The Center At Grande
THE CENTER AT GRANDE in TYLER, TX — inspection on November 16, 2025.
Found 1 citation. Severity: Standard violations.
Health inspections identify deficiencies that facilities must correct within required timeframes. Violations range from minor documentation issues to serious safety concerns and are subject to follow-up verification.
Inspection Findings
During an interview on 11/16/25 at 4:00 p.m. the DON said the one-week post admission labs for CBC, CMP, TSH, and Vit.D. were a mistake made by the staff when entering the order.
During an interview on 11/16/25 at 5:23 p.m. the DON said Resident #1's one week post admission CBC, CMP, TSH, Vit.D labs were not done.
The DON said she was not aware of what [Staff C] did until after [Resident #1] discharged .
The DON said Staff C and LVN D should have told her or the resident's doctor.
The DON said they did not have a system in place to verify labs were done because that was not an issue before, to her knowledge.
The DON said the facility used its own staff to draw blood because everything was in-house and not contracted.
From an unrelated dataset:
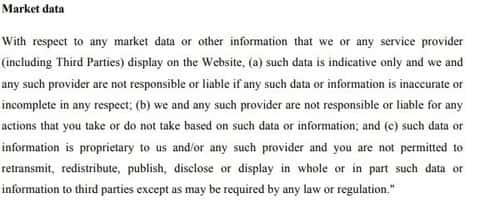 Договор - это лицо компании. И когда контора пишет, что она не несет ответственности в каком-то спорном случае, то возникает вопрос: "а кто тогда ее будет нести?". Вот тут то все шишки и падают на потерпевшего. Оказывается, все котировки и данные о торговле, которое в чистом виде должна предоставлять кухня Нев Рич Маркетс своим клиентам, может быть не совсем точной, или вообще произойти сбой. В этом случае шарага себя обезопасила и умыла заочно руки.

She said Staff C was good, no complaints, and DON trained Staff C had been trained on how to draw laboratory specimens. On 11/21/25 at 12:55 p.m., attempted to interview LVN B, the staff who entered the orders, the telephone number provided by facility was not a working number and no interview was obtained. On a telephone interview was attempted with Staff C, regarding the unsuccessful lab attempts for Resident #1.
Staff C did not answer, and although a message with a call back telephone number was left, the interview was not obtained.
During a telephone interview on 11/21/25 at 12:57 p.m., Resident #1's physician who wrote the order for one-week post-admission laboratory tests said he had not been made aware that the labs ordered were not completed. He said he had not been notified of Staff C's unsuccessful attempts to collect the lab specimen. Resident #1's Physician stated he would have expected Staff C to inform her nurse manager or for the facility to contact him directly, so the matter could have been addressed. He further stated that not doing the lab would never be an option and expressed that he wished he had been notified.
Record review of revised facility laboratory services policy, dated 4/2/24, indicated, The facility stall: 1.
Provide or obtain laboratory services only when ordered by a physician; physician assistant; nurse practitioner or clinical nurse specialist in accordance with State law, including scope of practice laws. 2.Promptly notify the ordering physician, physician assistant, nurse practitioner, or clinical nurse specialist of laboratory results that fall outside of clinical reference ranges in accordance with facility policies and procedures for notification of a practitioner or per the ordering physician's orders.